Integrating data mining with mainstream applications is becoming an important part of e-commerce applications. Meta Group's Zornes noted that data mining tools are difficult to sell as standalone tools; they are better as part of a solution.

"Customers don't want data mining toolkits to be separate from other parts of their application infrastructure," added IBM's Graham. "Clients want us to embed data mining algorithms—the process—into other applications. We don't want a complete, separate tool bench as much as we want data mining to do its magic."

Torrent Systems has found the same truth. "Exploitation of data mining techniques will not really start to take off until packaged applications have these techniques embedded in them," said the firm's Utzschneider.

Data mining tools of the future will be embedded in larger packages. Not only does this make data mining a quicker process, it also makes it an easier product for the typical user, who does not have a doctorate in mathematics or statistics, to use. "Products are increasingly trying to simplify the process and make the process part of the product," said Two Crows' Edelstein. "People are taking a more systematic approach to solving data mining problems and that makes it easier to use."

In addition to embedding data mining tools into packaged applications, we can look for data mining analytics to be integrated with analytic and reporting mechanisms. A telecommunications company, for example, could track which customers are likely to turn. With the integration of analytics and reporting with data mining, the company's system could produce a report every night listing customers that are most likely to leave, thus allowing the firm to offer a pricing discount or something similar in an effort to keep those people.

That is the real bread and butter of data mining tools—being able to predict customers' behaviors and responses before they happen. And that, according to Edelstein, is what data mining is all about. For him, data mining is simply making predictions. "It's not about algorithms. It's not about describing or exploring data, although it requires these. Data mining is the tools and techniques for making good predictions," he noted.

Peeling back the onion
Jeffrey Canter, executive vice president of operations at Pittsburgh-based Innovative Systems Inc., has his own description of data mining. According to Canter, data mining is "the process of peeling back the onion in some sort of data repository in order to get to that one kernel of information that's buried somewhere in there that is going to drive your decision-making process. It's poring over what is clearly a sea of information and finding the little nuggets that will drive some sort of decision-making process with respect to the customer." It is about making decisions and making them in a way that retains customers and keeps a company profitable.

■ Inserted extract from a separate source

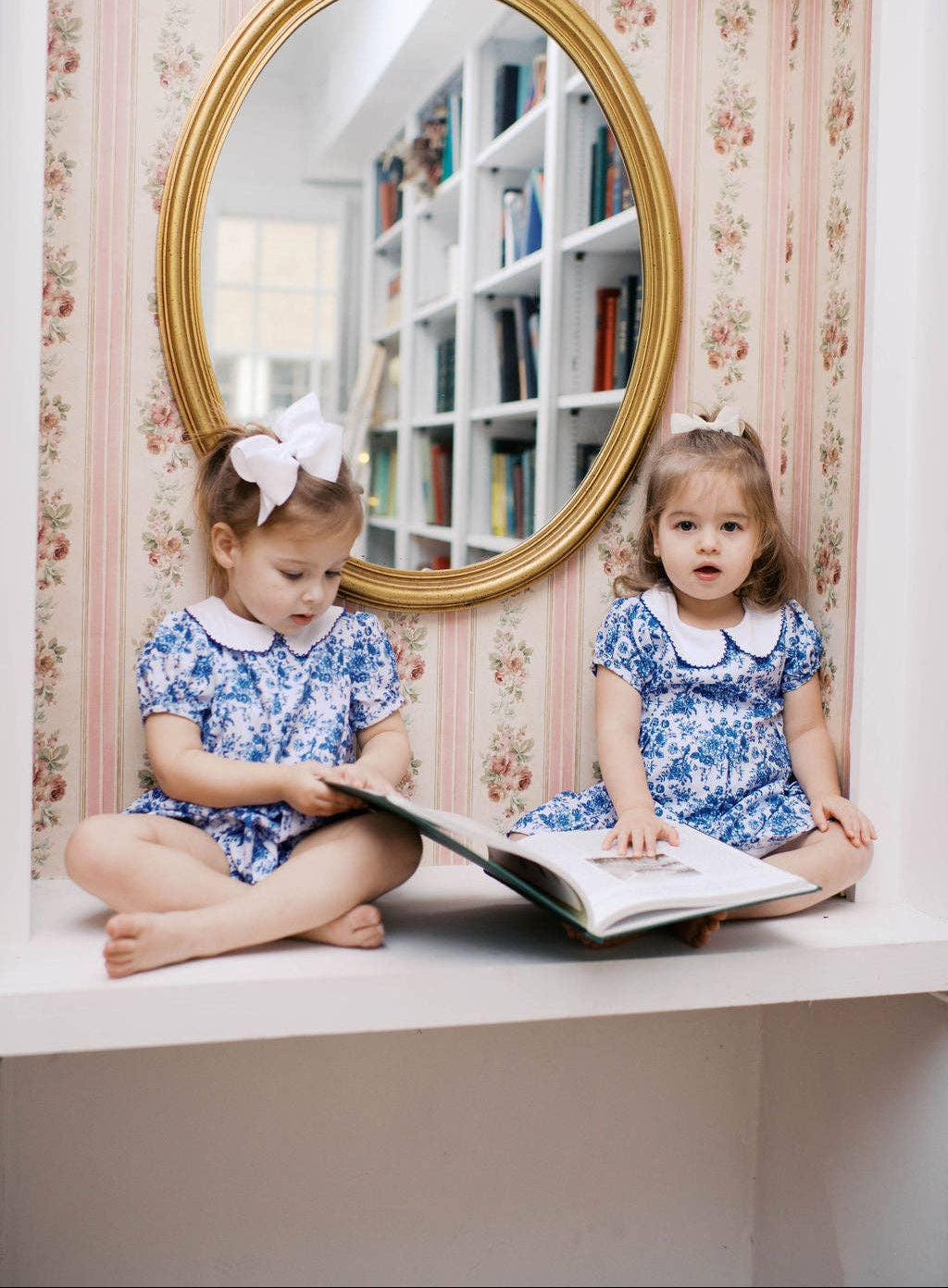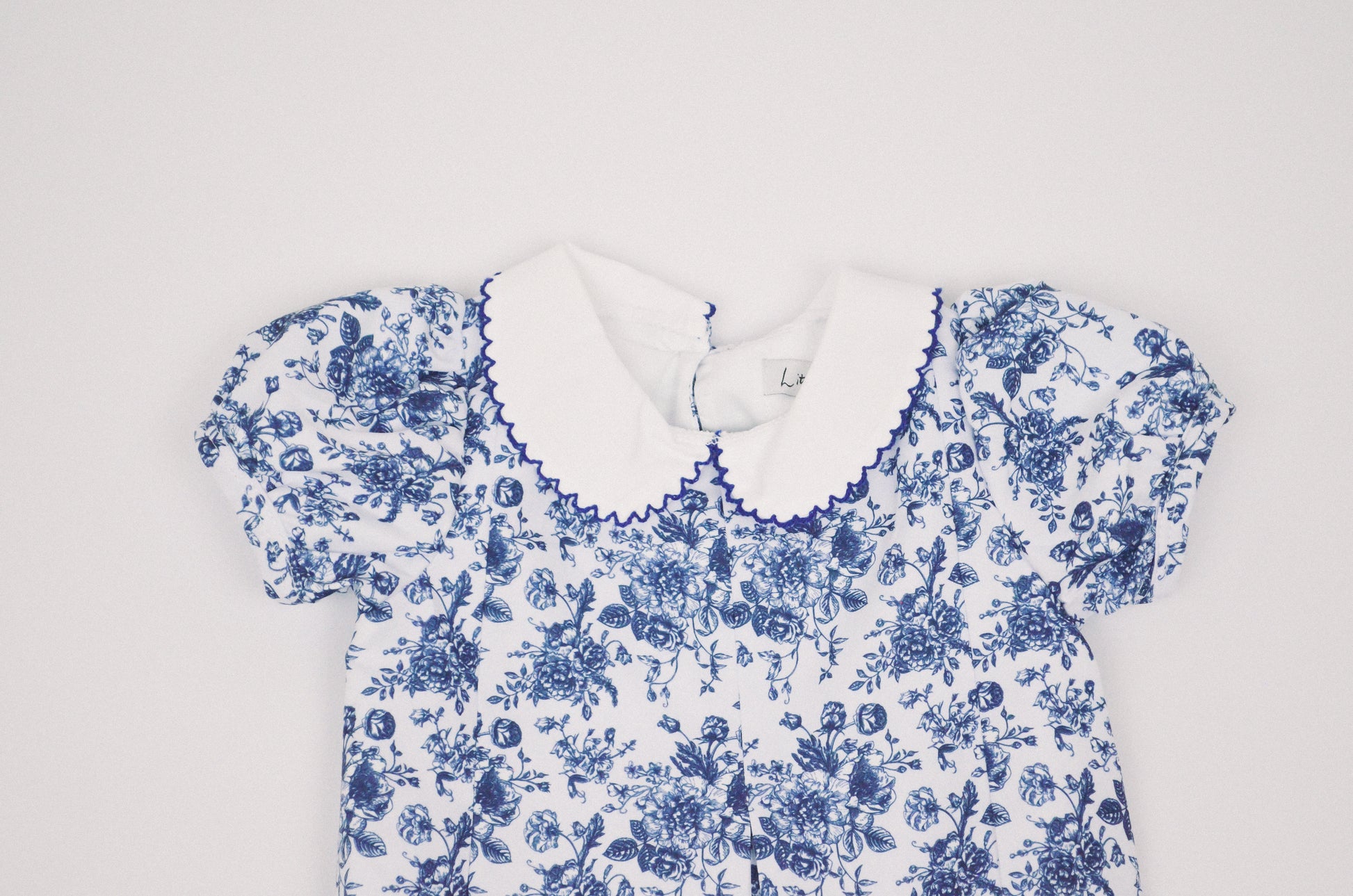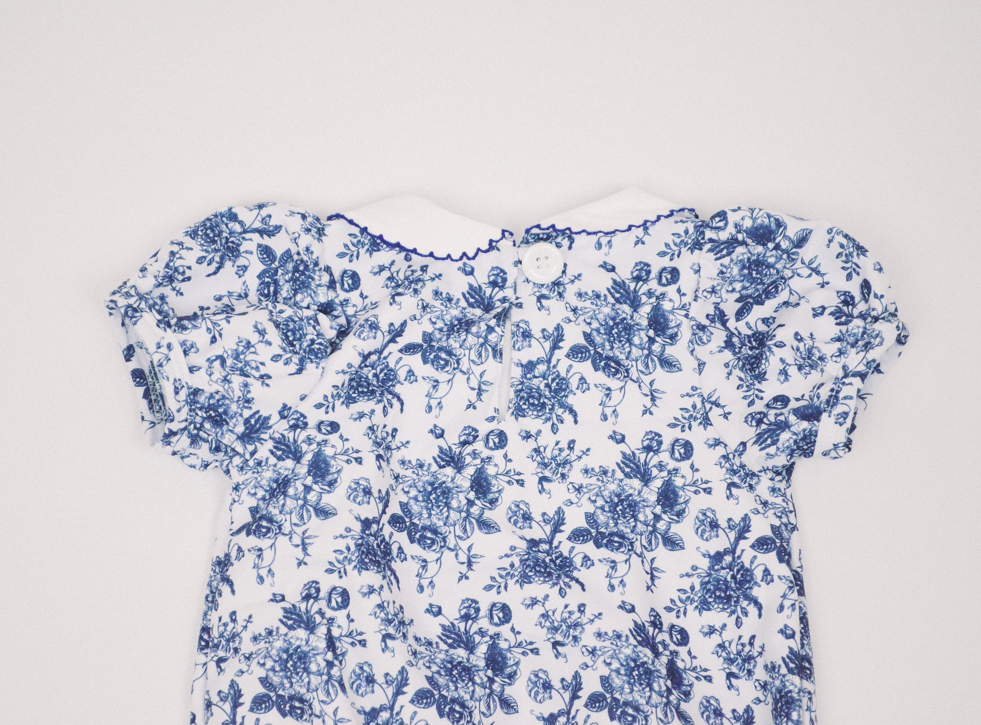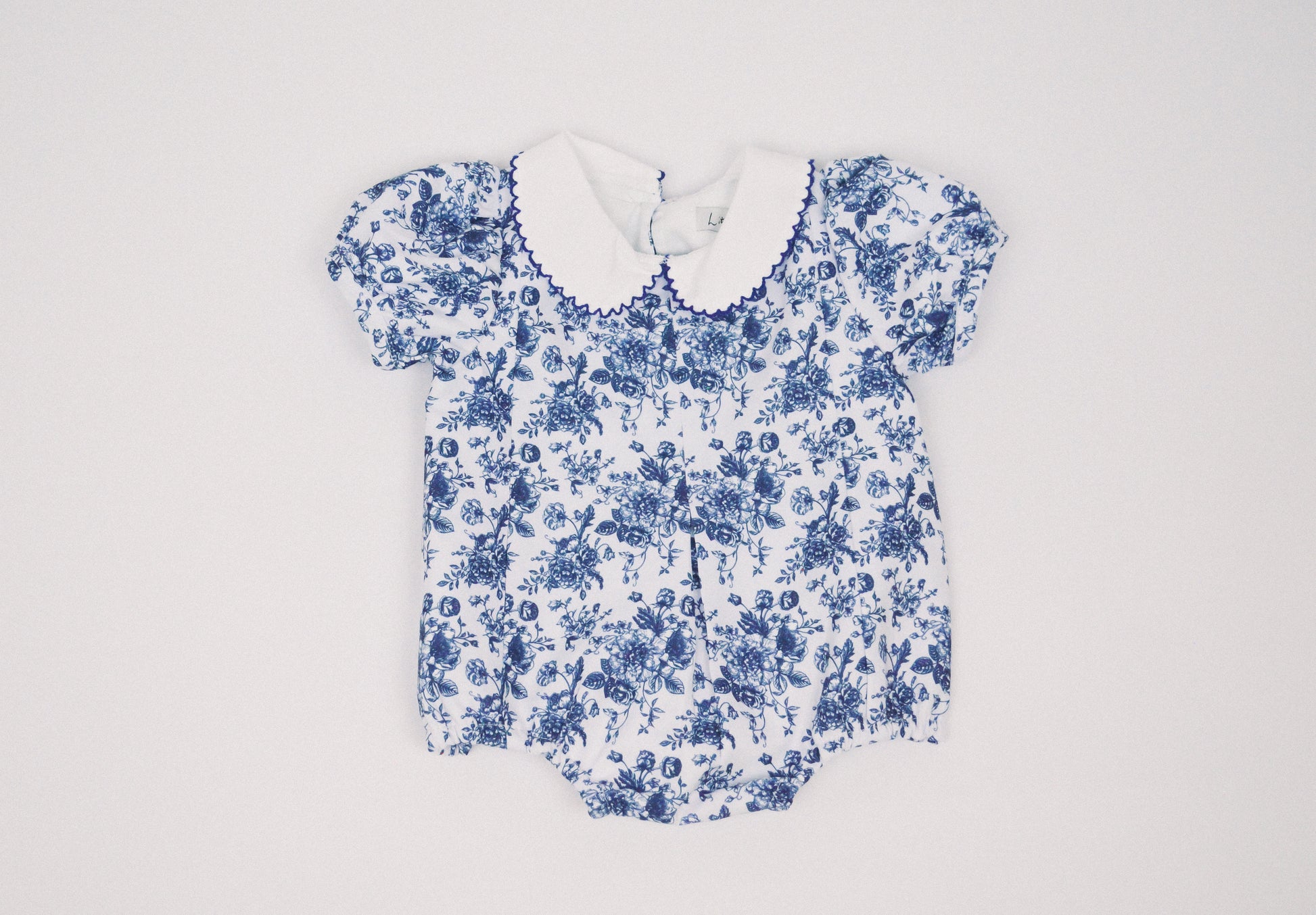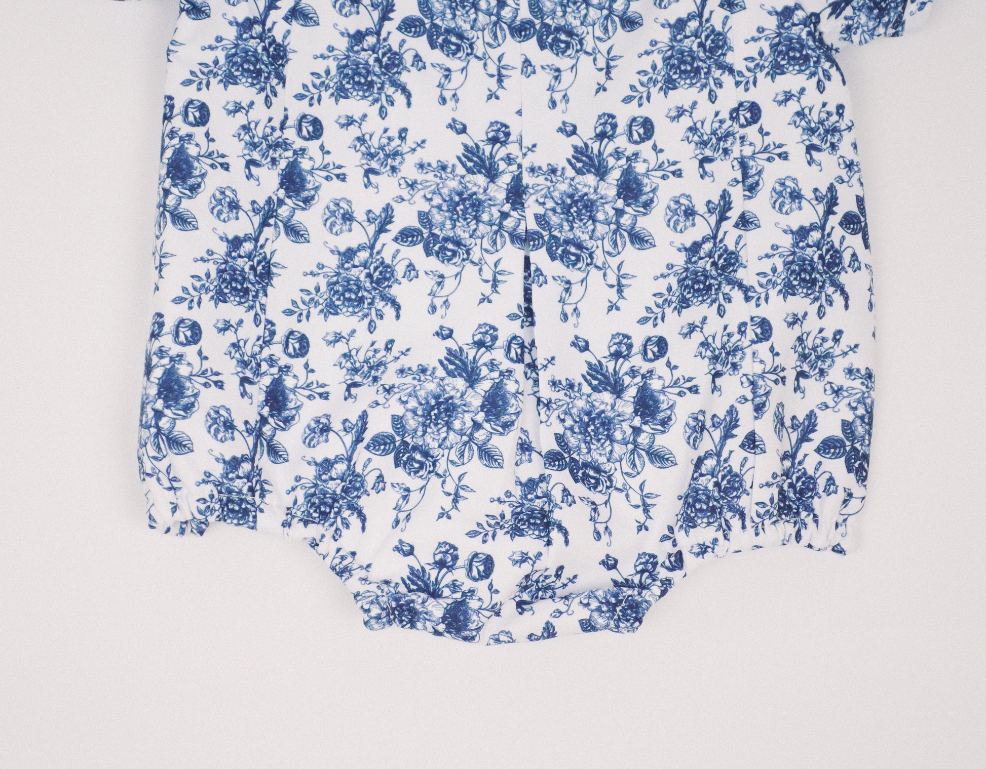 The Bailey Bubble is a charming and timeless piece, thoughtfully crafted from a soft, vintage-inspired blue toile cotton fabric.

Moving forward we will also see more emphasis on making good predictions in real time. "What these companies want to do is to be able to deliver targeted content to a customer when [they are] at the [Web] site," said Torrent Systems' Utzschneider. We will also see a movement toward real-time and continuous processing. "A Web site is very dynamic. Subject matter changes," he added. "We need to be able to build these models constantly, so we understand how visitor behavior is changing, and do a much better job of scoring records and delivering the right content to the right visitors."

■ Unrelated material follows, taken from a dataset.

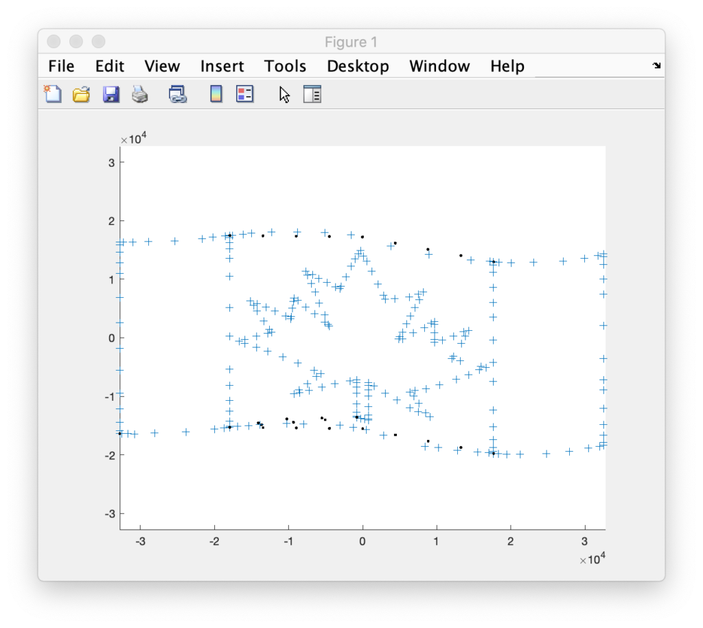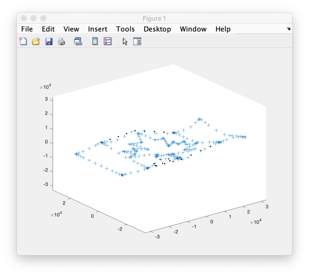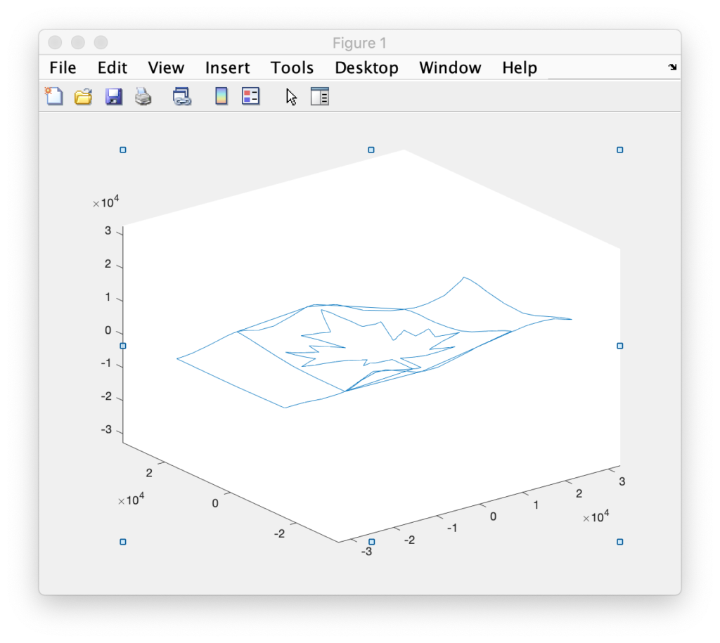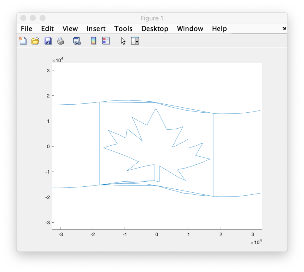 In this case ([x y z s c] = ReadIldaFrame(f, o(1))), got us all the data for the first frame of the file we parsed in the previous operation into some new variables. Entering plot3(x,y,z) will then show us, yep, it’s a Canadian flag drawn in 3D, we can rotate around: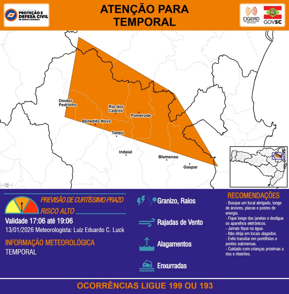 ATENÇÃO – 13/01 17:06 – TEMPORAL com RAJADAS DE VENTO, ALAGAMENTOS, GRANIZO, RAIOS e risco de ENXURRADAS para os municípios de Benedito Novo, Blumenau, Doutor Pedrinho, Gaspar, Indaial, Pomerode, Rio Negrinho, Rio dos Cedros e Timbó nas próximas 2 horas. Ocorrências ligue 199 ou 193.

Something else in the path ahead is mining streaming video. "At this point, there's a lot of text information and very little video information," noted Two Crows' Edelstein. "What happens when we go to videoconferencing?" As that continues to gain in significance, people will want to better understand where their resources lie and be able to analyze and predict where their research is taking them. Being able to find vital information in videoconferences in addition to budgets and products could prove very beneficial to retaining customers.

As data volumes continue to grow, companies will rely on data mining tools to sift through stores of information and find the nuggets that will make them the most profitable. Data mining tools are proving over and over again that they have the ability and the robustness to help companies retain customers, thus paying for themselves in the long run. Regardless of which tools you choose, you are almost guaranteed a return on investment.